In the North, dozens of slaves brought freedom suits to local courts or petitioned colonial assemblies or new state legislatures for personal or universal emancipation. This was particularly the case in Massachusetts, where blacks petitioned the legislature for a general emancipation five times between 1773 and 1777. At the start of the 1780s, two Massachusetts slaves—Mumbet (later known as Elizabeth Freeman) and Quock Walker—initiated freedom suits in the courts of Massachusetts. The suits were based on the language of natural rights embedded in the state constitution of 1780, which was in turn based on the Declaration of Independence. In 1783 their suits ended in victory when Massachusetts's chief justice outlawed slavery in the state. Others, most notably the poet Phillis Wheatley (1753?–1784), raised the call for freedom in the colonial press.
The post-Revolutionary decades brought dramatic changes in the context of American slavery. Between 1780 and 1804, northern states gradually ended their involvement in the institution through explicit bans on slavery in state constitutions, court action, and the passage of gradual emancipation acts by state legislatures. In the Upper South, Maryland, Delaware, and Virginia eased their laws concerning private manumission. As a result, free blacks increased to about one-tenth of the African American population during this era, concentrated in the North and Upper South—particularly in Atlantic seaports such as Boston, Providence, New York, Philadelphia, and Baltimore, where sizeable black communities formed. Faced with discrimination in the larger society, these communities soon developed their own institutions, often in specific acts of protest. Prince Hall (c. 1735–1807) founded an African Lodge in Boston in the 1770s, leading to the formation of similar fraternal organizations in other cities. These often became centers for African American politics and protest. Independent black churches performed a similar role. Richard Allen (1760–1831) and Absalom Jones (1746–1818) founded Bethel African Methodist Episcopal Church after leaving a white church in 1792 because of segregated seating and other racial mistreatment. Other withdrawals led to the formation of black congregations in Baltimore, New York, and many other cities. By the early nineteenth century, independent black Baptist, Methodist, and other congregations existed in most black communities in the North and Upper South. In 1816 Allen created the first all-black denomination, the African Methodist Episcopal Church (AME).

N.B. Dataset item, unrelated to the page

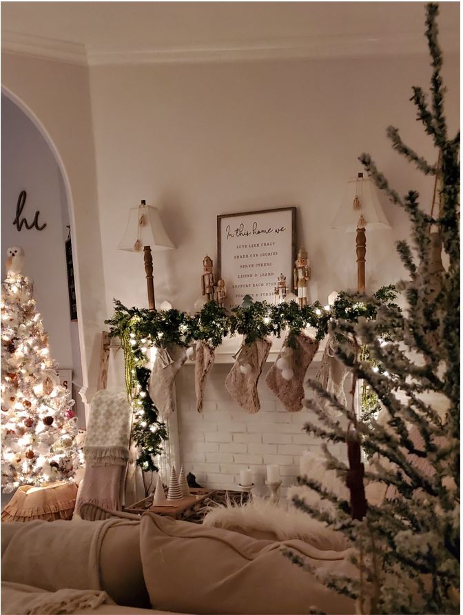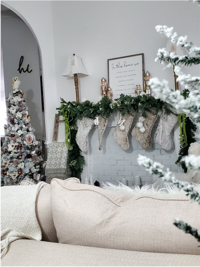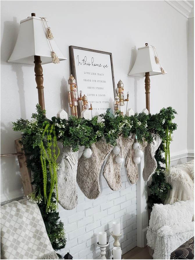 I choose to keep my garland more natural looking with greens and whites. But you can go all out if the budget allows you. Add Christmas ornaments, flowers and ribbon the options are endless check me out on Pinterest https://www.pinterest.com/’lolamojica for more ideas .

Often such churches provided the impetus for the creation of black schools.
After a period of relative calm in the 1780s, those remaining in slavery increasingly found ways to register their discontent with the institution. Some slaves attempted to rise up against their masters. News of the Haitian Revolution filtered through slave communities in the South beginning in 1791 and inspired a wave of conspiracies and revolts over the next four decades, including those instigated by Quillo in North Carolina (1794), Gabriel in Virginia (1800), Charles Deslondes in Louisiana (1811), and Denmark Vesey in South Carolina (1822). Other slaves sought to run away to freedom. In the Lower South, many ran to Spanish Florida or to Maroon communities along the frontier or in nearby swamps. Those in the Upper South, however, increasingly looked to the North. With the ending of slavery there, that region became a haven for runaway slaves. Perhaps as many as a thousand fugitives reached the free states each year. A few even continued on to Canada.
the power of the word
African Americans also pressed for emancipation and equality through the political structure of the new nation. With voting and other means of political influence usually closed to them, they exercised their First Amendment right to "petition the Government for a redress of grievances." Throughout the nation, free blacks and slaves petitioned state legislatures for a variety of purposes: personal freedom; a general emancipation; protection against the reenslavement of manumitted blacks; compensation for work done in slavery; the right to vote; an end to the poll tax; wages for military service and compensation for injuries sustained in the Continental Army; land in the West; funds for transport to Africa; and a host of other goals. Again, Massachusetts blacks were especially strident. In 1780 Paul and John Cuffe petitioned the state legislature for exemption from the poll tax because they were not permitted to vote, labeling the practice "taxation without representation." Three years later, Belinda, a former slave, asked for and received compensation from her former master's estate. Prince Hall regularly petitioned the Massachusetts legislature on topics ranging from black access to public schools to protection against kidnapping into slavery. Some went further. Philadelphia blacks twice petitioned the U.S. Congress for protection against reenslavement for four manumitted North Carolinians in 1797 and three years later when they called for a ban on the slave trade and legislation for the gradual abolition of slavery.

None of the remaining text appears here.